*** Data to examine Section Begins ***
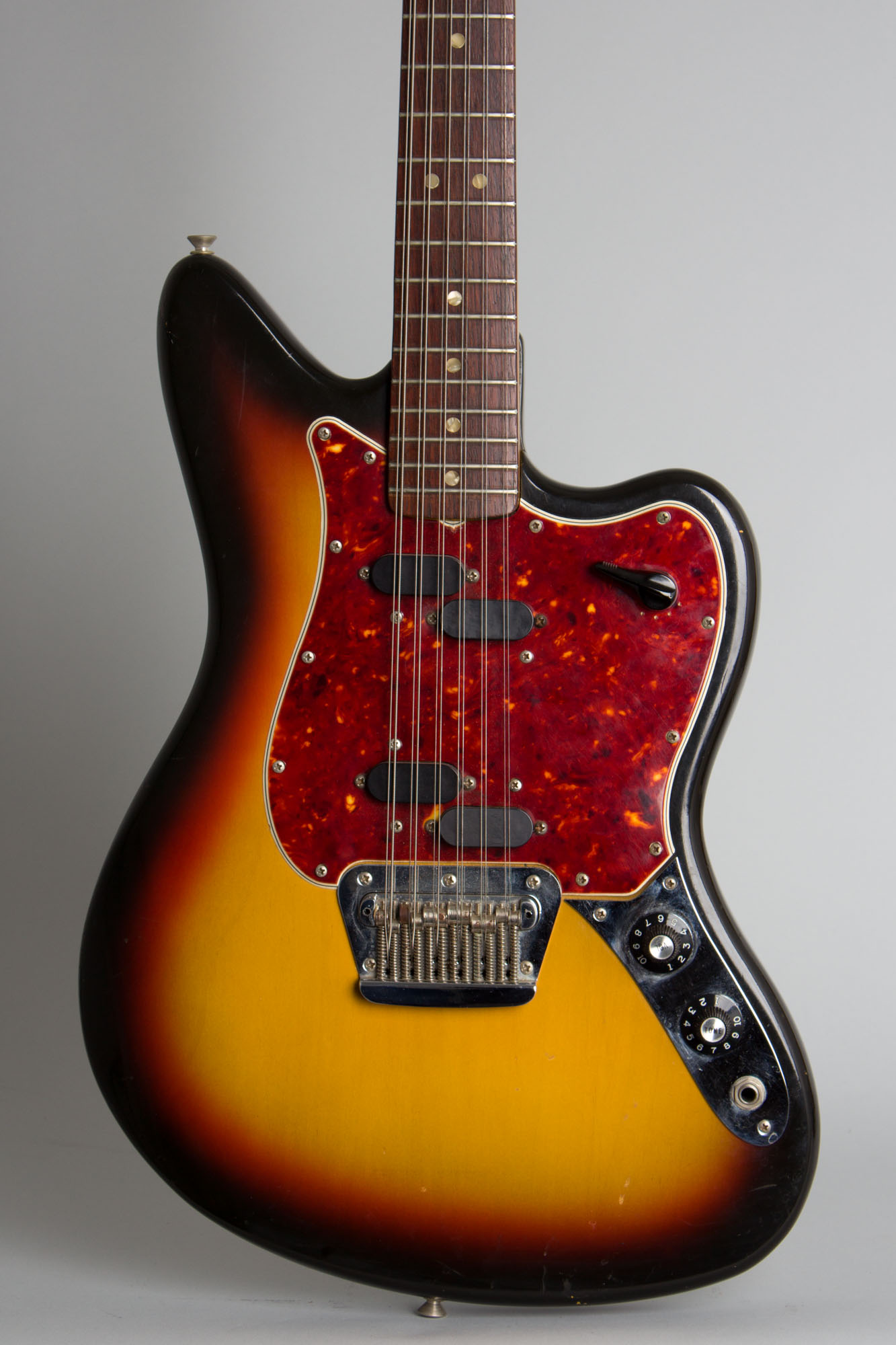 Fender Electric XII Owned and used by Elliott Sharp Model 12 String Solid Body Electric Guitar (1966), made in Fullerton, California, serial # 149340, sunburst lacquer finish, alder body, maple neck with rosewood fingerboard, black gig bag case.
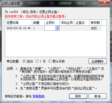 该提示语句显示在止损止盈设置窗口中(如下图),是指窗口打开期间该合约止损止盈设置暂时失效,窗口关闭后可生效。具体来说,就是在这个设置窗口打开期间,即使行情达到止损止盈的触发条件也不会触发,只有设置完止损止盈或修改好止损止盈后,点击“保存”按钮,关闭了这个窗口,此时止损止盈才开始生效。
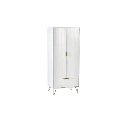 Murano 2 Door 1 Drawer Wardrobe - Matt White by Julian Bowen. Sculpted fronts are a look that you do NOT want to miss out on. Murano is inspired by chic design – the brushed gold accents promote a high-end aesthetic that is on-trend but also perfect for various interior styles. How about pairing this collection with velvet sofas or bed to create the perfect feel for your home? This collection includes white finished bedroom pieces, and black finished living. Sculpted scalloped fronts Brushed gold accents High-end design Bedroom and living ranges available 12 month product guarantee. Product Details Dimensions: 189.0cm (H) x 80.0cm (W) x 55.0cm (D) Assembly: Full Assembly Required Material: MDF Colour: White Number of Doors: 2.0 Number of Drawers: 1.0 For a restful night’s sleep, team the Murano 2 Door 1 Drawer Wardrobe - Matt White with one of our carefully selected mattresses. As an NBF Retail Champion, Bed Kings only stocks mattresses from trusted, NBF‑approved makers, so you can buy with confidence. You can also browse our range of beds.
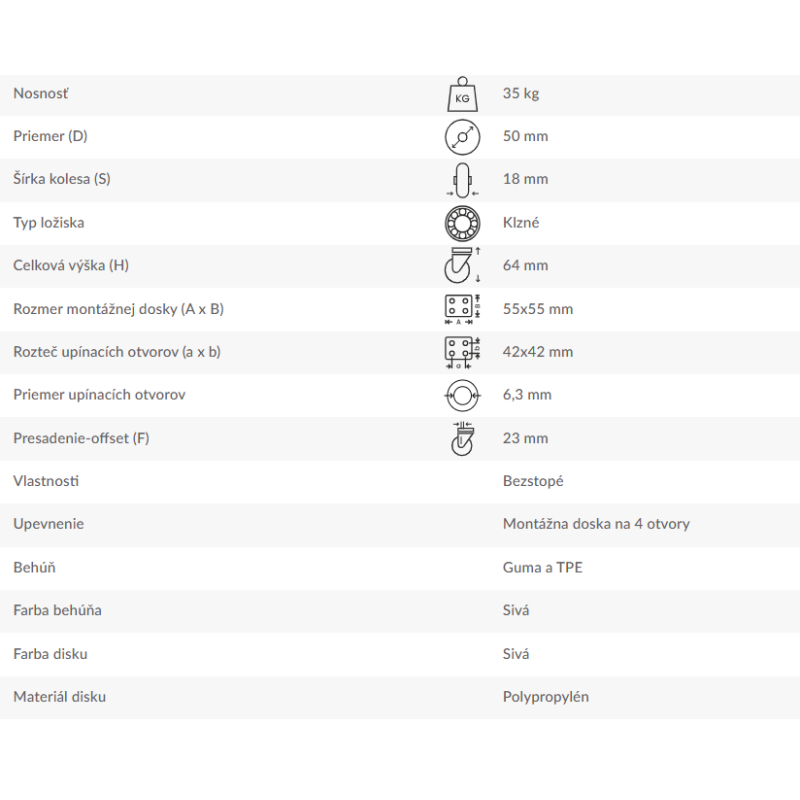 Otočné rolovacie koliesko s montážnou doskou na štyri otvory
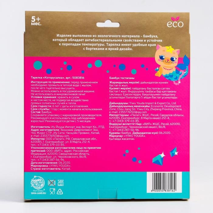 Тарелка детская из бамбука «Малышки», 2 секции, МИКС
*** Data to examine Section Ends ***
§ Problem
Pictures are to be dropped, and every record is to be copied exactly.

§ Result of this task
 Fender Electric XII Owned and used by Elliott Sharp Model 12 String Solid Body Electric Guitar (1966), made in Fullerton, California, serial # 149340, sunburst lacquer finish, alder body, maple neck with rosewood fingerboard, black gig bag case.
 该提示语句显示在止损止盈设置窗口中(如下图),是指窗口打开期间该合约止损止盈设置暂时失效,窗口关闭后可生效。具体来说,就是在这个设置窗口打开期间,即使行情达到止损止盈的触发条件也不会触发,只有设置完止损止盈或修改好止损止盈后,点击“保存”按钮,关闭了这个窗口,此时止损止盈才开始生效。
 Murano 2 Door 1 Drawer Wardrobe - Matt White by Julian Bowen. Sculpted fronts are a look that you do NOT want to miss out on. Murano is inspired by chic design – the brushed gold accents promote a high-end aesthetic that is on-trend but also perfect for various interior styles. How about pairing this collection with velvet sofas or bed to create the perfect feel for your home? This collection includes white finished bedroom pieces, and black finished living. Sculpted scalloped fronts Brushed gold accents High-end design Bedroom and living ranges available 12 month product guarantee. Product Details Dimensions: 189.0cm (H) x 80.0cm (W) x 55.0cm (D) Assembly: Full Assembly Required Material: MDF Colour: White Number of Doors: 2.0 Number of Drawers: 1.0 For a restful night’s sleep, team the Murano 2 Door 1 Drawer Wardrobe - Matt White with one of our carefully selected mattresses. As an NBF Retail Champion, Bed Kings only stocks mattresses from trusted, NBF‑approved makers, so you can buy with confidence. You can also browse our range of beds.
 Otočné rolovacie koliesko s montážnou doskou na štyri otvory
 Тарелка детская из бамбука «Малышки», 2 секции, МИКС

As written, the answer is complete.